SAN JOSE, CA (KGO) -- One of the propositions on the November ballot has cities across the state banding together and educators fighting back. If passed, Prop 22 would keep the state from raiding city coffers to balance the budget in Sacramento.

Hundreds of cities across California are supporting Proposition 22. San Jose's Mayor Chuck Reed says it is time the state stop raiding local revenue to cover its own budget failures. He says that practice results in cuts to police, fire and libraries.

"The services that people value most are the services we deliver at the local level," Reed said. "This is an effort to make sure the state can't take that money and the state has to live within its means and that would be a good thing."

Educators say not so fast.

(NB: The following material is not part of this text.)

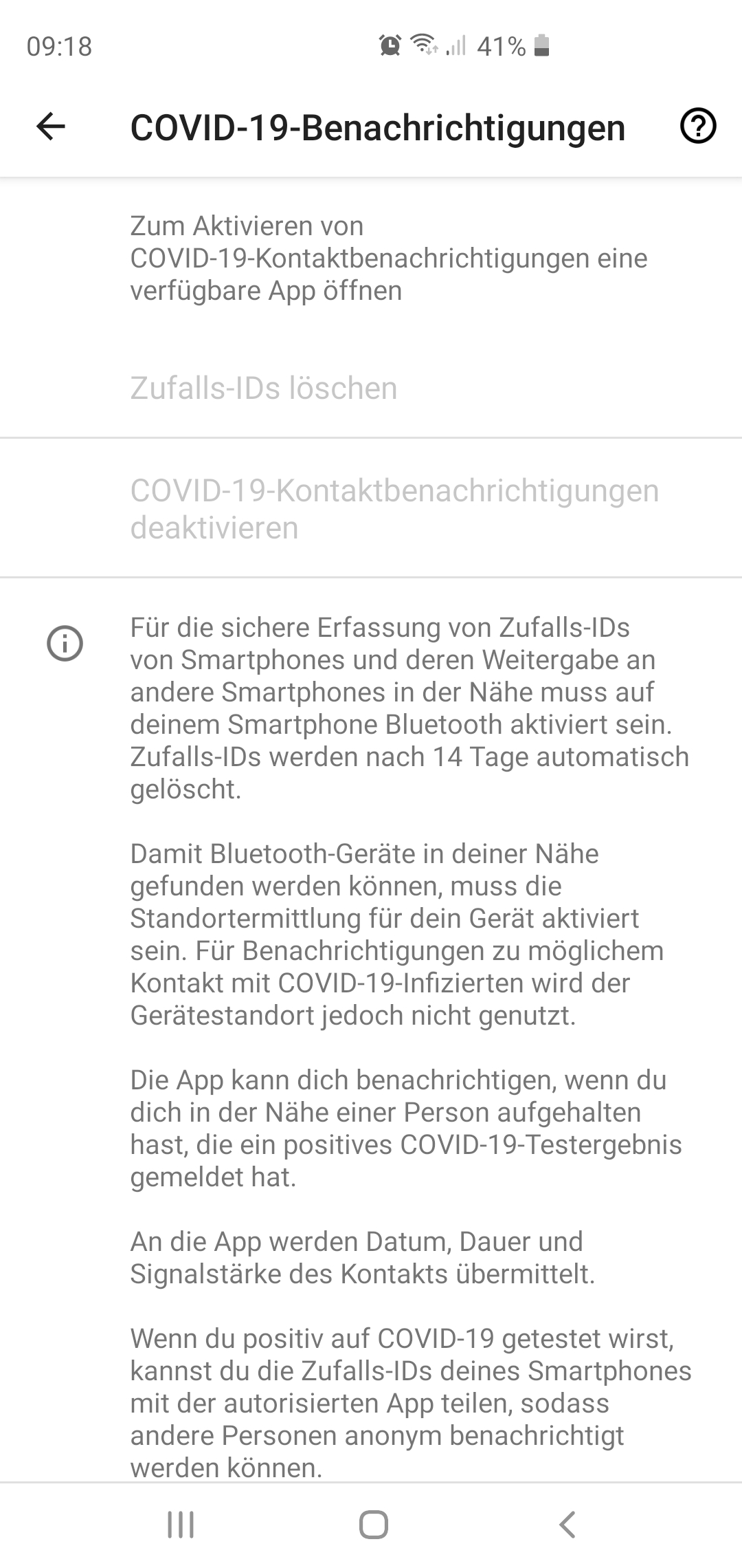 Aktuelles: Habe die Schnittstelle der Corona App nun auf meinem Smartphone gefunden.

They say the economy has made budget balancing tough enough and Prop 22 would tie the hands of legislators to redirect money where it's needed most -- schools.

"Every aspect of the district is hurting; we can barely operate the programs we have operated in the past and we can't afford to lose any other dollars," San Jose Teachers Association President Steve McMahon said.

In addition to the California Teachers Association, groups opposing Prop 22 include the California Nurses Association and California Professional Firefighters.

The November initiative is supported by the League of California Cities, the California Transit Association and the California Alliance for Jobs.

According to the non-partisan Legislative Analyst's Office, last year, the state borrowed $1.9 billion from city coffers but created a mechanism to pay it back immediately. The Analyst's Office also says the state took or shifted $1.7 billion from local redevelopment agencies to school districts.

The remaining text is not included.